# What is expected:
Could you set down only the lines from the one including "저는 퇴직 후 어떻게" to the end of the records below, inclusive and exact, leaving pictures out?

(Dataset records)
● ● ●

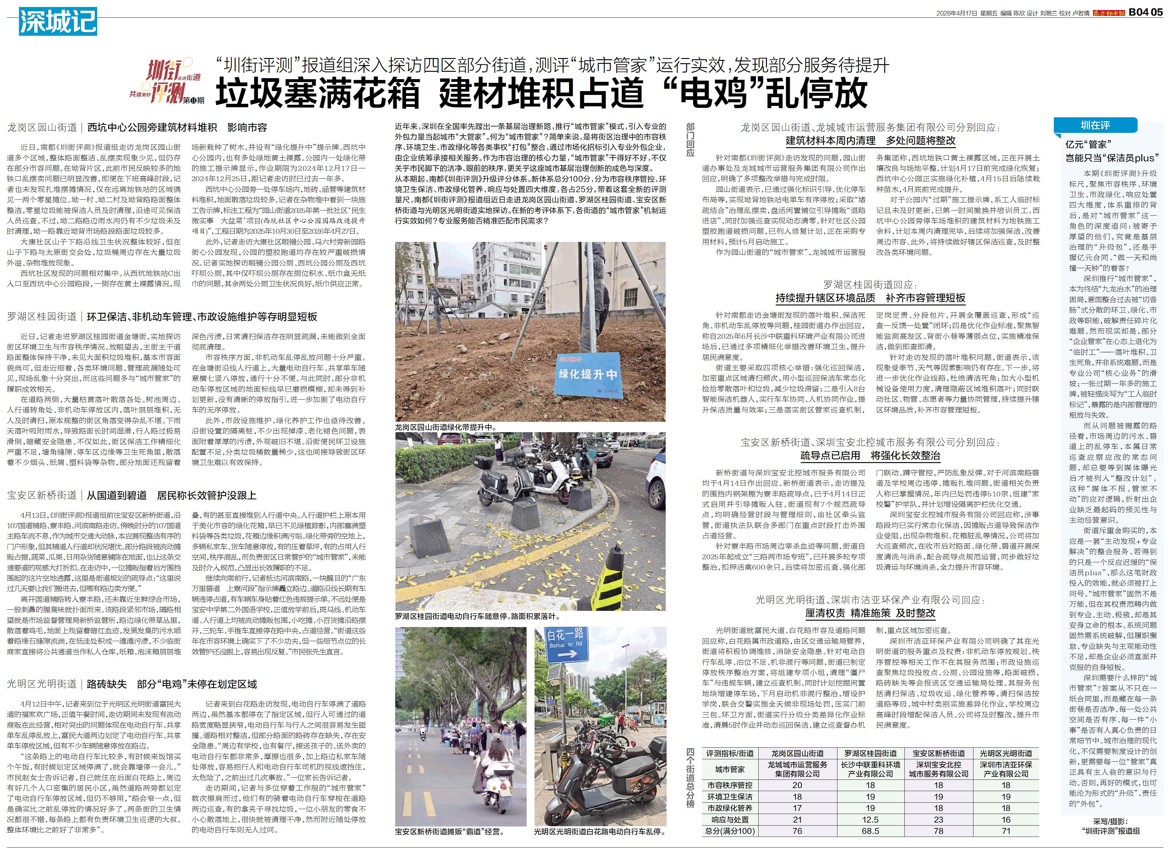 龙岗区园山街道绿化带提升中。 罗湖区桂园街道电动自行车随意停,路面积累落叶。 宝安区新桥街道摊贩“霸道”经营。 光明
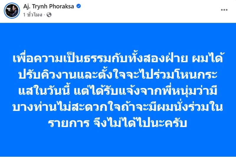 จากกรณีที่ก่อนหน้านั้น ทางอาจารย์ตฤณ ได้ออกมาโพสต์ผ่านfacebook Aj. Trynh Phoraksa ว่า เพื่อความเป็นธรรมกับทั้งสองฝ่าย ผมได้ปรับคิวงานและตั้งใจจะไปร่วมโหนกระแสในวันนี้ แต่ได้รับแจ้งจากพี่หนุ่มว่ามีบางท่านไม่สะดวกใจถ้าจะมีผมนั่งร่วมในรายการ จึงไม่ได้ไปนะครับ
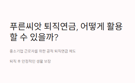 저는 퇴직 후 어떻게 살아갈지 걱정이 많았어요. 그래서 푸른씨앗 퇴직연금에 대해 알아보았는데, 중소기업에서도 퇴직금을 안전하게 쌓고, 퇴직 후 연금처럼 받을 수 있다는 사실에 안심이 되었어요. 사실, 중소기업에서는 퇴직금을 관리하는 시스템이 부족한 경우가 많기 때문에 퇴직금 지급에 문제가 생기기도 하잖아요. 푸른씨앗은 이런 위험을 줄여주는 제도랍니다.
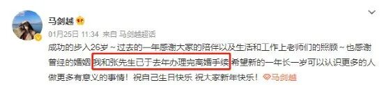 1月25日,90後女星馬劍越在自己26歲生日這天,官宣離婚——
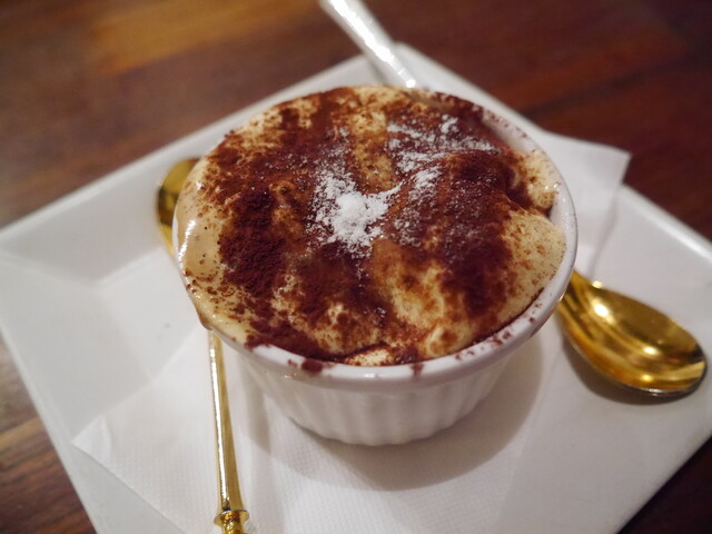冷たくてとろりとしたクリームとコーヒーの苦み、マスカルポーネがふんわり口の中で溶けて、美味しいデザート。底のスポンジにはしっかりお酒が染み込んで、大人の味です。小でも十分楽しめました。

● ● ●

# Response area:
 저는 퇴직 후 어떻게 살아갈지 걱정이 많았어요. 그래서 푸른씨앗 퇴직연금에 대해 알아보았는데, 중소기업에서도 퇴직금을 안전하게 쌓고, 퇴직 후 연금처럼 받을 수 있다는 사실에 안심이 되었어요. 사실, 중소기업에서는 퇴직금을 관리하는 시스템이 부족한 경우가 많기 때문에 퇴직금 지급에 문제가 생기기도 하잖아요. 푸른씨앗은 이런 위험을 줄여주는 제도랍니다.
 1月25日,90後女星馬劍越在自己26歲生日這天,官宣離婚——
冷たくてとろりとしたクリームとコーヒーの苦み、マスカルポーネがふんわり口の中で溶けて、美味しいデザート。底のスポンジにはしっかりお酒が染み込んで、大人の味です。小でも十分楽しめました。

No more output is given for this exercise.